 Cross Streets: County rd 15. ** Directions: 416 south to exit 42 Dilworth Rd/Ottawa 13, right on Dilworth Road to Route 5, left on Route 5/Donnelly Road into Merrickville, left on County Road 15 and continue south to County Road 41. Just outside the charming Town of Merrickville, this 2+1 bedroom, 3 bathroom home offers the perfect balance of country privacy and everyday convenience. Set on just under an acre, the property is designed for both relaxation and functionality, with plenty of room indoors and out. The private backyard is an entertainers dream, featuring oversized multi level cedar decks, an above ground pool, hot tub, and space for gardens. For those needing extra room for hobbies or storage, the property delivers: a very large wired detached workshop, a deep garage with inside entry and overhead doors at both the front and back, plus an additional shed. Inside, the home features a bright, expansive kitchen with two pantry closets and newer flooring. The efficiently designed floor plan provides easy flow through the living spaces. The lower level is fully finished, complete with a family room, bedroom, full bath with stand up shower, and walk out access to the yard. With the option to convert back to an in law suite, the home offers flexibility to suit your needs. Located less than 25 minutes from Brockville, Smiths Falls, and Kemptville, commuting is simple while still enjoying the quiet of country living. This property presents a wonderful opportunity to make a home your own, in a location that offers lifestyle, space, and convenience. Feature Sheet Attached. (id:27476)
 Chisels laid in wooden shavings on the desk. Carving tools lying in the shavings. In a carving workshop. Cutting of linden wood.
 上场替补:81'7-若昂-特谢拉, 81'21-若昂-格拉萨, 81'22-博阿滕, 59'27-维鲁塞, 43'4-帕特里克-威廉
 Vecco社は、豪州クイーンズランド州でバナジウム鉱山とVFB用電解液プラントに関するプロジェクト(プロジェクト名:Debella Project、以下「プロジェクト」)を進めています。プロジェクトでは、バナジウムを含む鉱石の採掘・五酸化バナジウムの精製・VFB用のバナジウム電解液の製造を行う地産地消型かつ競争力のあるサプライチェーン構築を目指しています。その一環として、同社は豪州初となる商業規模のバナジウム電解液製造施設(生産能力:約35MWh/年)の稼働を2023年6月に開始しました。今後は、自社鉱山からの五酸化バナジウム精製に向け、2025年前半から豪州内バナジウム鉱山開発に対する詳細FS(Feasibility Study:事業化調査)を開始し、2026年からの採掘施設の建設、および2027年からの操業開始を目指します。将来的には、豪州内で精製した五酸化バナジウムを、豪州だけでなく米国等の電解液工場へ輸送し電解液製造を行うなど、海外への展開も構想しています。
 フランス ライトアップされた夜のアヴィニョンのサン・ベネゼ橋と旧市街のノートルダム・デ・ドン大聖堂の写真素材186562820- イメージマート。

○ ○ ○ ○ ○ ○ ○

PROBLEM TO SOLVE
The output consists solely of the lines from the line that contains "81'22-博阿滕, 59'27-维鲁塞, 43'4-帕特里克-威廉" through the final line of the data.

EXERCISE RESPONSE
 上场替补:81'7-若昂-特谢拉, 81'21-若昂-格拉萨, 81'22-博阿滕, 59'27-维鲁塞, 43'4-帕特里克-威廉
 Vecco社は、豪州クイーンズランド州でバナジウム鉱山とVFB用電解液プラントに関するプロジェクト(プロジェクト名:Debella Project、以下「プロジェクト」)を進めています。プロジェクトでは、バナジウムを含む鉱石の採掘・五酸化バナジウムの精製・VFB用のバナジウム電解液の製造を行う地産地消型かつ競争力のあるサプライチェーン構築を目指しています。その一環として、同社は豪州初となる商業規模のバナジウム電解液製造施設(生産能力:約35MWh/年)の稼働を2023年6月に開始しました。今後は、自社鉱山からの五酸化バナジウム精製に向け、2025年前半から豪州内バナジウム鉱山開発に対する詳細FS(Feasibility Study:事業化調査)を開始し、2026年からの採掘施設の建設、および2027年からの操業開始を目指します。将来的には、豪州内で精製した五酸化バナジウムを、豪州だけでなく米国等の電解液工場へ輸送し電解液製造を行うなど、海外への展開も構想しています。
 フランス ライトアップされた夜のアヴィニョンのサン・ベネゼ橋と旧市街のノートルダム・デ・ドン大聖堂の写真素材186562820- イメージマート。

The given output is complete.